* Exercise details *
The entire listing that follows must be repeated exactly, pictures excluded.

* Recorded information *
● ● ● ● ● ● ●

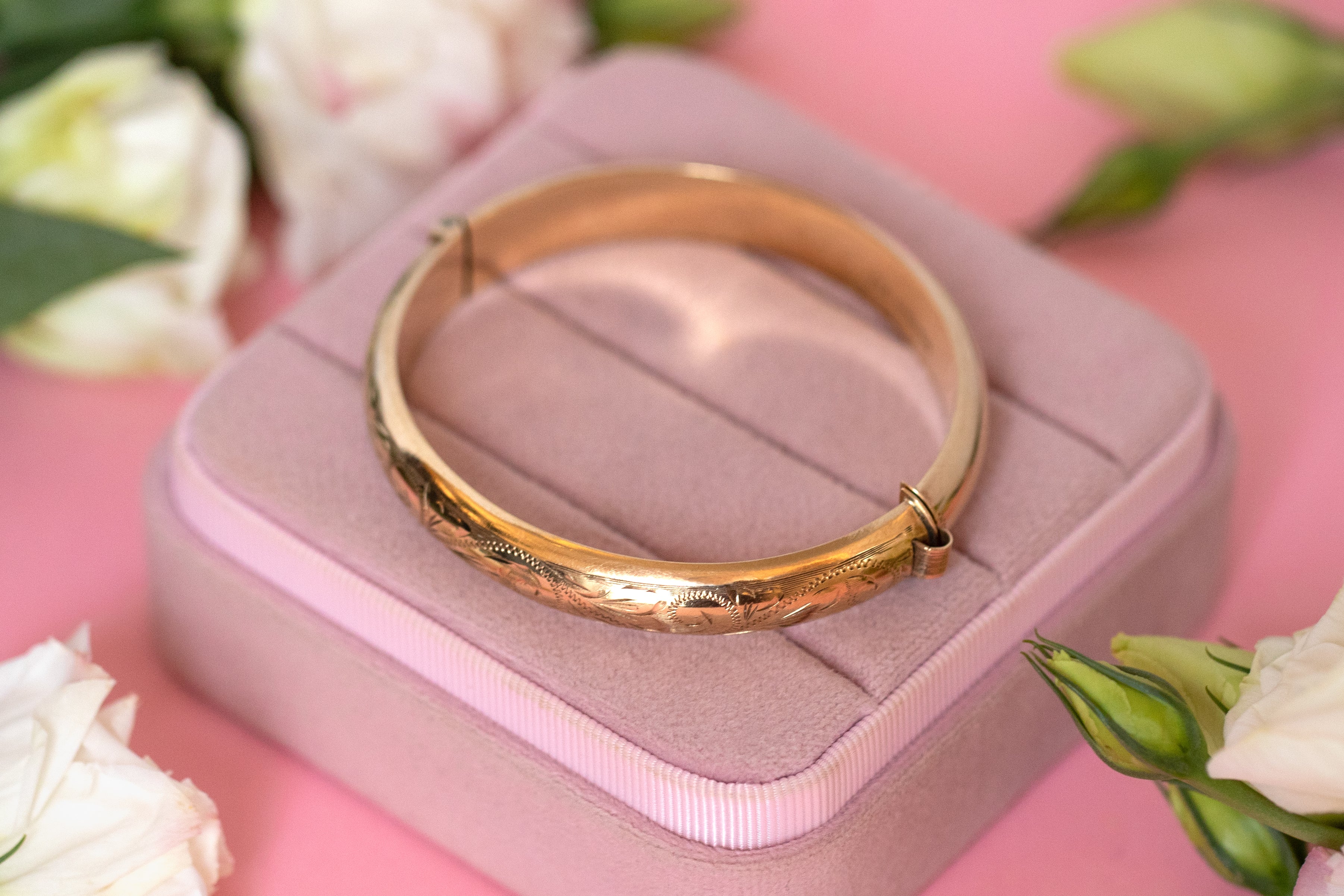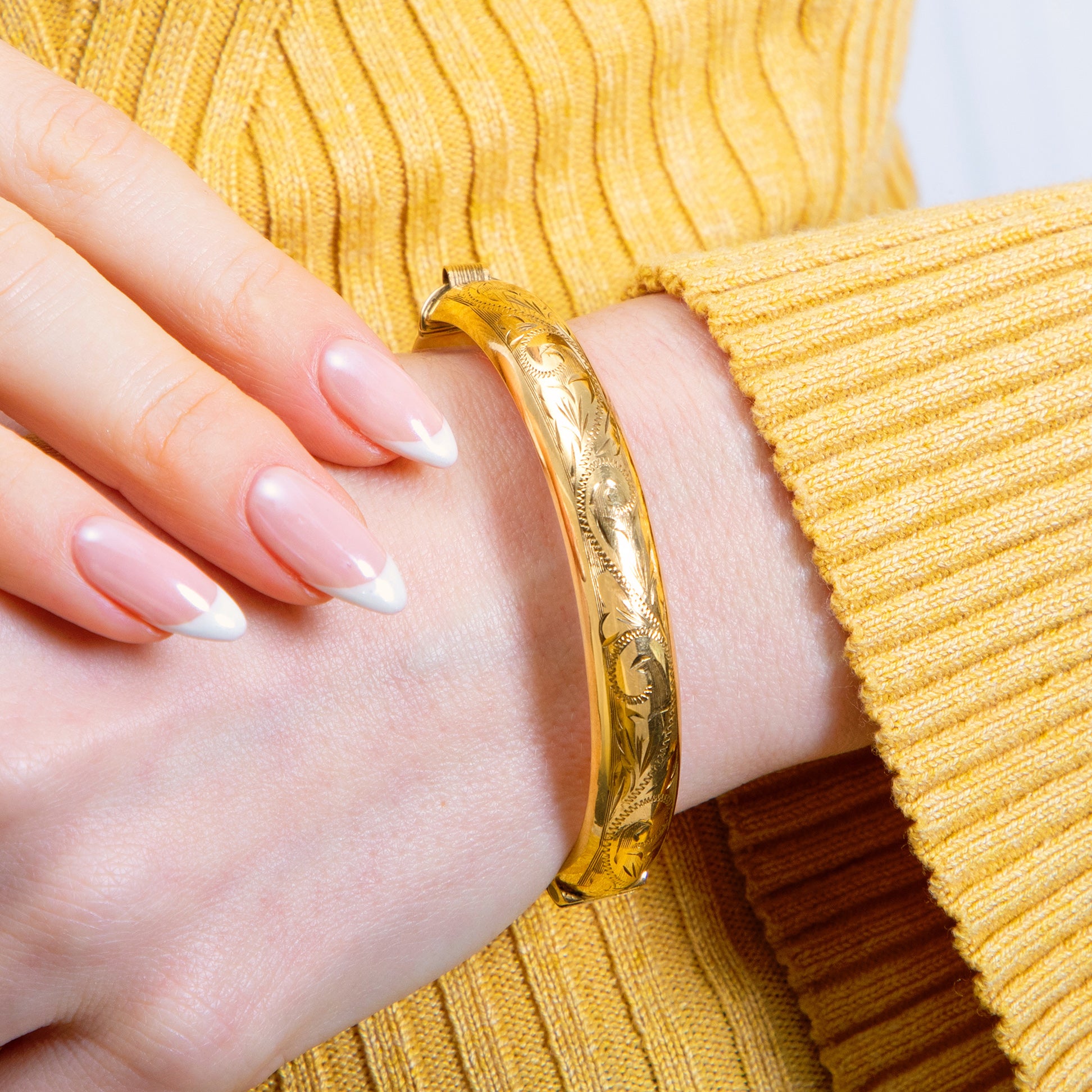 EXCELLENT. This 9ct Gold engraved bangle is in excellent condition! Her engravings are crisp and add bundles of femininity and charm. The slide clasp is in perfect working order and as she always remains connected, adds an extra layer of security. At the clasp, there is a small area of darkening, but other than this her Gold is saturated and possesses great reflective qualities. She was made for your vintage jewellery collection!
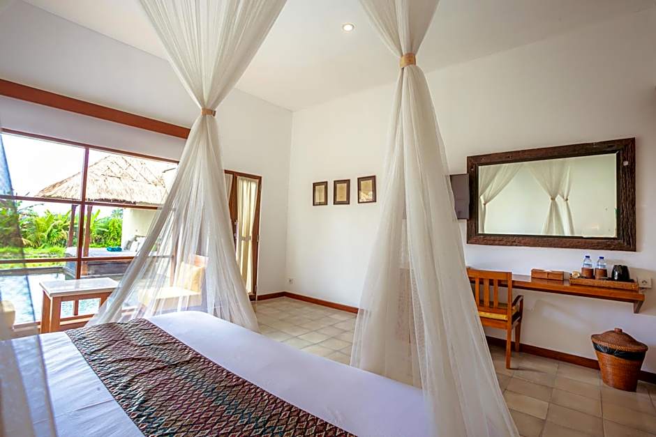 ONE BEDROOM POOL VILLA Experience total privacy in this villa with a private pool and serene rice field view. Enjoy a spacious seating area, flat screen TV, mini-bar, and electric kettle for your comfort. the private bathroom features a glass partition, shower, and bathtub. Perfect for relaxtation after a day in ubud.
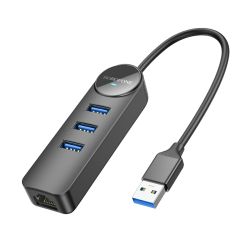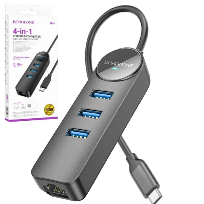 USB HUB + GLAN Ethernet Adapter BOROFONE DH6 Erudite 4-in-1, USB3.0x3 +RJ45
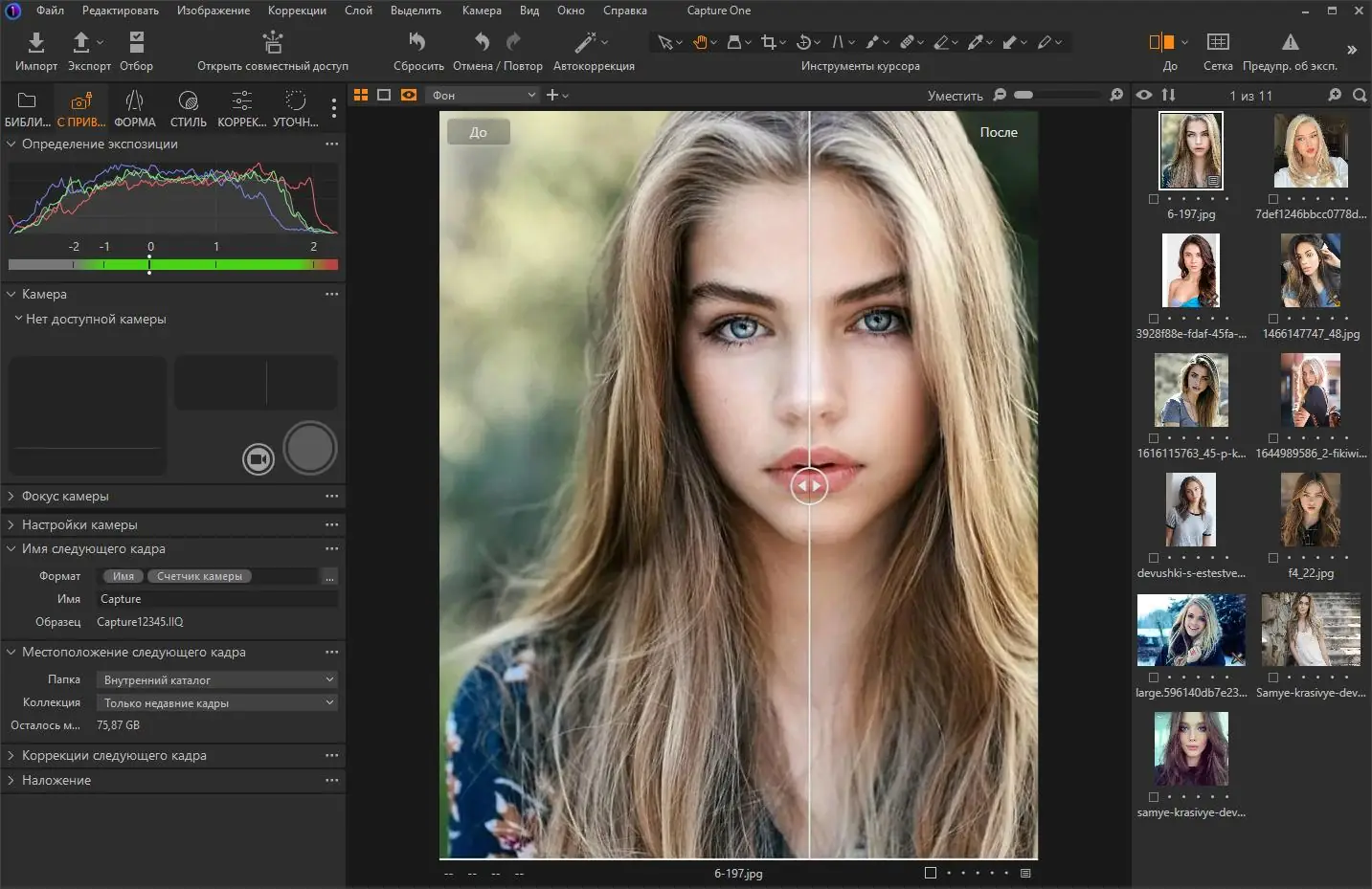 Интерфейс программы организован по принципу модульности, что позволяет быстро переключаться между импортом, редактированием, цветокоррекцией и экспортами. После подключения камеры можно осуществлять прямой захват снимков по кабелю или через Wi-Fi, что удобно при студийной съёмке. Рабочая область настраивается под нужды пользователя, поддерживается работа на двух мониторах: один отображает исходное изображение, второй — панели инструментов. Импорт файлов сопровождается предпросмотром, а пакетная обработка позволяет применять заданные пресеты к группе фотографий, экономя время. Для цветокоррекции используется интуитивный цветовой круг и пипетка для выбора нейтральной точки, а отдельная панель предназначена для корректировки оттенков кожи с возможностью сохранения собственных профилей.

● ● ● ● ● ● ●

* Task response *
 EXCELLENT. This 9ct Gold engraved bangle is in excellent condition! Her engravings are crisp and add bundles of femininity and charm. The slide clasp is in perfect working order and as she always remains connected, adds an extra layer of security. At the clasp, there is a small area of darkening, but other than this her Gold is saturated and possesses great reflective qualities. She was made for your vintage jewellery collection!
 ONE BEDROOM POOL VILLA Experience total privacy in this villa with a private pool and serene rice field view. Enjoy a spacious seating area, flat screen TV, mini-bar, and electric kettle for your comfort. the private bathroom features a glass partition, shower, and bathtub. Perfect for relaxtation after a day in ubud.
 USB HUB + GLAN Ethernet Adapter BOROFONE DH6 Erudite 4-in-1, USB3.0x3 +RJ45
 Интерфейс программы организован по принципу модульности, что позволяет быстро переключаться между импортом, редактированием, цветокоррекцией и экспортами. После подключения камеры можно осуществлять прямой захват снимков по кабелю или через Wi-Fi, что удобно при студийной съёмке. Рабочая область настраивается под нужды пользователя, поддерживается работа на двух мониторах: один отображает исходное изображение, второй — панели инструментов. Импорт файлов сопровождается предпросмотром, а пакетная обработка позволяет применять заданные пресеты к группе фотографий, экономя время. Для цветокоррекции используется интуитивный цветовой круг и пипетка для выбора нейтральной точки, а отдельная панель предназначена для корректировки оттенков кожи с возможностью сохранения собственных профилей.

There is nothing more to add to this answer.